One fairly innocent source of killer packets is other devices trying to inter-operate with your application (and these may even be in a trusted network rather than out on the internet). Someone could have a really cheap, nasty, buggy SIP soft phone that’s sending your system all kinds of nonsense!
Another potential source of killer packets is malicious hackers. It’s not rocket science to set up a call and then deliberately change some of the signalling or media packets.
The real curse of the killer packet though is in the potential consequences. You might have a server hosting hundreds of thousands of subscribers. If one nasty packet causes your system to crash that could impact service for a whole city.
One of the particularly problematic things about killer packets is that redundant systems don’t necessarily protect you. Most carrier grade telecoms equipment have either 1+1 or N+1 redundancy. But if someone tries to make a call and that packet causes your primary server to crash – what happens next? The call doesn’t go through so the user immediately tries to make the same call again. This time it hits your backup server and BANG now you’ve got a total outage while both servers restart.

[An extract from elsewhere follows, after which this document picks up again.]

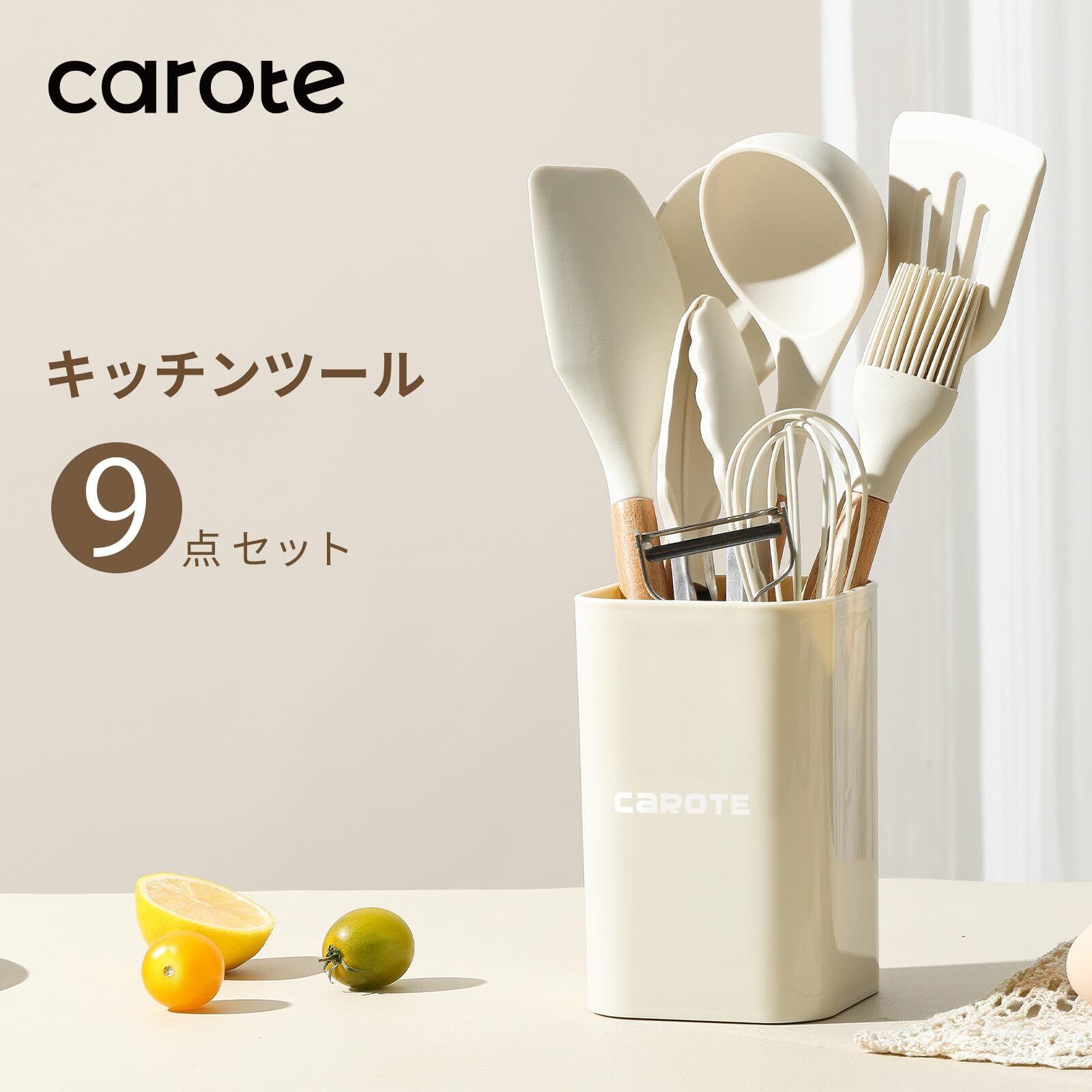 CAROTE カローテ キッチンツールセット9本 シリコン製 調理器具セット フライ返し おたま トング 泡立て器 へら ハケ スプーン浅 ピーラー ツールスタンド 高耐熱性 ベージュ(9点セット)

What does this mean for testing?
In order to answer that we first need to ask what all this means for our software architecture. You really want to design software that isn’t vulnerable to this kind of crash in the first place. For example, it’s preferable to handle signalling traffic in a context where if a software error is hit, the exception is caught and only that single call is affected rather than the whole server going down.
There’s clearly lots more to say about testing in this context than I can fit in a single post, but here’s a few thoughts for starters.

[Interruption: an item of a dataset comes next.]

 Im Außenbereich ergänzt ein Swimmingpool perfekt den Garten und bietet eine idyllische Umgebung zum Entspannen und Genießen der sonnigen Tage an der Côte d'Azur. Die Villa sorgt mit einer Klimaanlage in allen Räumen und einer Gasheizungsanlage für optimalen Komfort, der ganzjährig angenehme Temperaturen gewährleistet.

Don’t assume anything about external interfaces.
If an interface is externally visible then you will probably receive rubbish on it. Make sure you test for this as well as the nice packets you were expecting to receive. Fuzzing is a great technique to use for this. This is where you start with a reasonable looking set of packets and then randomly change parts of them to try and upset the system. Most fuzzing tools do this intelligently rather than purely randomly to maximise their chances of finding an issue. Unfortunately these smart fuzzing tools can be hard to come by for some of the less mainstream telecoms protocols.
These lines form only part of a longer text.